-- Records for this task --
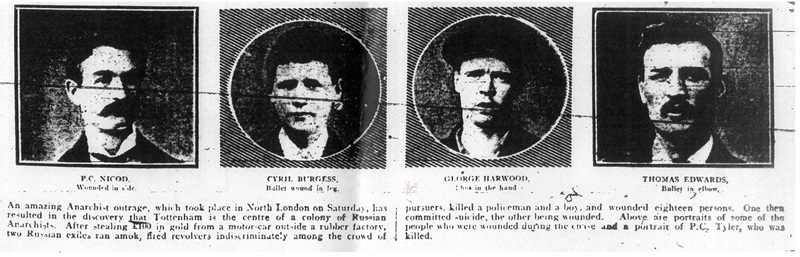 The Tottenham Outrage is perhaps one of the most famous incidents in Tottenham's History, which at the time was of widespread public interest at both local and national levels. The 'Outrage' occurred in Tottenham on 23rd January 1909 and involved 2 Bolsheviks of Russian origin who had attempted an armed robbery of Schnurmann's Rubber Company in Chestnut Road Tottenham. Not a very smart move you might think since it was situated in the shadow of Tottenham Police Station. In their attempts to get away the two robbers, Paul Hefeld and Jacob Lapidus, started a chase and shooting spree that resulted in two deaths -PC William Tyler and a 10 year old boy named Ralph Joscelyne. The chase started in Chestnut Road and involved a variety of commandeered transport - Cars, Horse & cart and even a Tram. The chase continued through Tottenham Marshes across the River Lea then through the Reservoirs to Walthamstow. The chase continued on to Chingford where Jacob Lapidus shot himself through the head rather than be captured. Paul Hefeld finally took refuge in 'Oak Cottage' at Hale End Chingford when, following a shoot out with the Police, he was overpowered and captured. However he had sustained head injuries and died several days later in the Prince of Wales Hospital in Tottenham. |
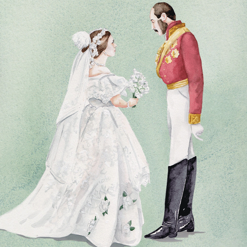 Victoria in turn adorned herself in orange blossom at their marriage, by wearing a unique orange blossom inspired headdress at their wedding on February 10th 1840 in St James's Palace chapel.
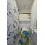 TOTOの製品を採用し、収納庫は既存のものを使用。ホワイトの壁紙を基調に、入って左手の壁面には、植物や鳥の柄を絵画風に配したエレガントでインパクトのあるブルー系の壁紙を配した。
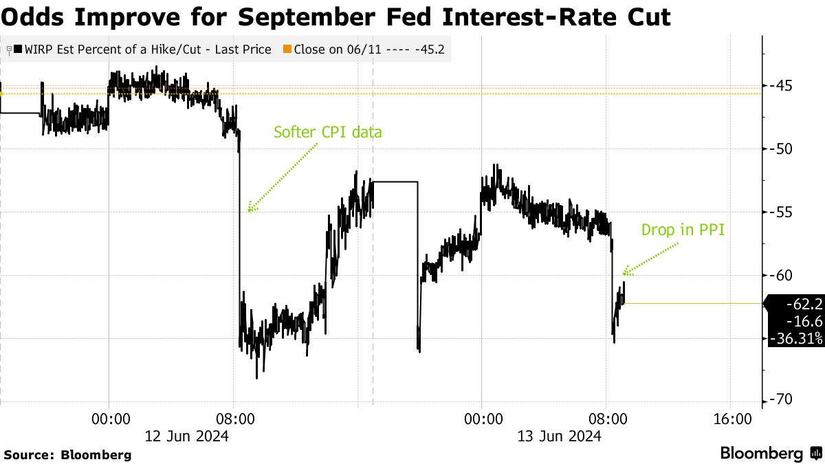 这样的数据将有助于支持今年两次降息的立场,可能从9月份开始,此前美联储在周三发布的更新季度预测中显示,中位数官员预计只会降息一次。在周四的数据发布后,投资者将9月份降息幅度为25%左右,12月份降息的机会为80%左右,根据期货市场。
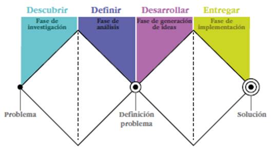 Para encontrar esas soluciones que logren un alto nivel de innovación y cumplir los tres principios fundamentales -factibilidad, deseabilidad y usabilidad-, el proceso de diseño cuenta usualmente con las siguientes etapas: descubrir, definir, desarrollar y entregar ("Framework for Innovation...", 2019), en las cuales está presente el pensamiento divergente y convergente, que permite tener una visión de alternativas de manera global y a la vez detallada (Brown, 2008).
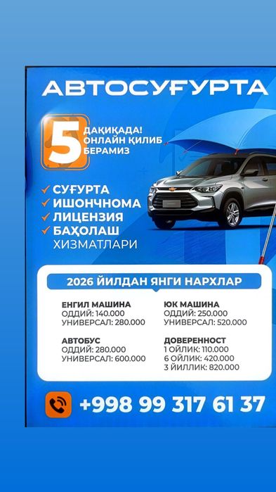 Разнообразные услуги, связанные с авто и мототранспортом, представлены в сервисе OLX.uz в Каракалпакстан. Здесь вы найдете предложения от автошкол, услуги автомойки и шиномонтажа, возможность воспользоваться эвакуатором и провести обследование на СТО. Полный спектр услуг, которые могут понадобиться для вашего автомобиля, у нас на OLX.uz Каракалпакстан.
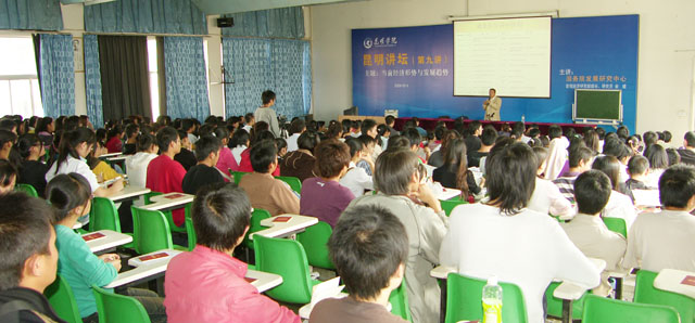 本次讲座也是云南省教育厅在全省高校开展“贤士榜助飞梦想——促进就业系列活动进校园”的活动之一,由亨德森外国语培训学校校长亨德森•杨先生主讲。杨先生用自己的亲身经历及对人生的感悟给我院2010届毕业生上了一堂生动的就业指导课。杨先生讲了三个问题:一、给自己定位,定位要适合自己,要利国、利民、利己,定位不是学什么就一定要干什么,要根据社会需求;二、要选择适合自己的职业,选择职业要去有发展空间,有利于自己成长的中小企业,刚出校门的大学生不要先讲报酬,要以适应社会、学习、历练自己为主;三、做好就业准备,要提前进入就业准备,不管是实习还是兼职,都是了解社会,提前做好就业准备有利于顺利就业。接着,杨先生回答了老师和同学们关于出国留学、创业、现代教育等有关问题。同时,杨先生还准备招收我院毕业生到该培训学校就业。届时,我院将与亨德森外国语培训学校共同举办招聘会,为毕业生提供就业岗位。

-- Task description --
Return exactly, and only, the lines that run from the line containing "这样的数据将有助于支持今年两" to the last line of the entries above, both ends included, with pictures left out.

-- Reply --
 这样的数据将有助于支持今年两次降息的立场,可能从9月份开始,此前美联储在周三发布的更新季度预测中显示,中位数官员预计只会降息一次。在周四的数据发布后,投资者将9月份降息幅度为25%左右,12月份降息的机会为80%左右,根据期货市场。
 Para encontrar esas soluciones que logren un alto nivel de innovación y cumplir los tres principios fundamentales -factibilidad, deseabilidad y usabilidad-, el proceso de diseño cuenta usualmente con las siguientes etapas: descubrir, definir, desarrollar y entregar ("Framework for Innovation...", 2019), en las cuales está presente el pensamiento divergente y convergente, que permite tener una visión de alternativas de manera global y a la vez detallada (Brown, 2008).
 Разнообразные услуги, связанные с авто и мототранспортом, представлены в сервисе OLX.uz в Каракалпакстан. Здесь вы найдете предложения от автошкол, услуги автомойки и шиномонтажа, возможность воспользоваться эвакуатором и провести обследование на СТО. Полный спектр услуг, которые могут понадобиться для вашего автомобиля, у нас на OLX.uz Каракалпакстан.
 本次讲座也是云南省教育厅在全省高校开展“贤士榜助飞梦想——促进就业系列活动进校园”的活动之一,由亨德森外国语培训学校校长亨德森•杨先生主讲。杨先生用自己的亲身经历及对人生的感悟给我院2010届毕业生上了一堂生动的就业指导课。杨先生讲了三个问题:一、给自己定位,定位要适合自己,要利国、利民、利己,定位不是学什么就一定要干什么,要根据社会需求;二、要选择适合自己的职业,选择职业要去有发展空间,有利于自己成长的中小企业,刚出校门的大学生不要先讲报酬,要以适应社会、学习、历练自己为主;三、做好就业准备,要提前进入就业准备,不管是实习还是兼职,都是了解社会,提前做好就业准备有利于顺利就业。接着,杨先生回答了老师和同学们关于出国留学、创业、现代教育等有关问题。同时,杨先生还准备招收我院毕业生到该培训学校就业。届时,我院将与亨德森外国语培训学校共同举办招聘会,为毕业生提供就业岗位。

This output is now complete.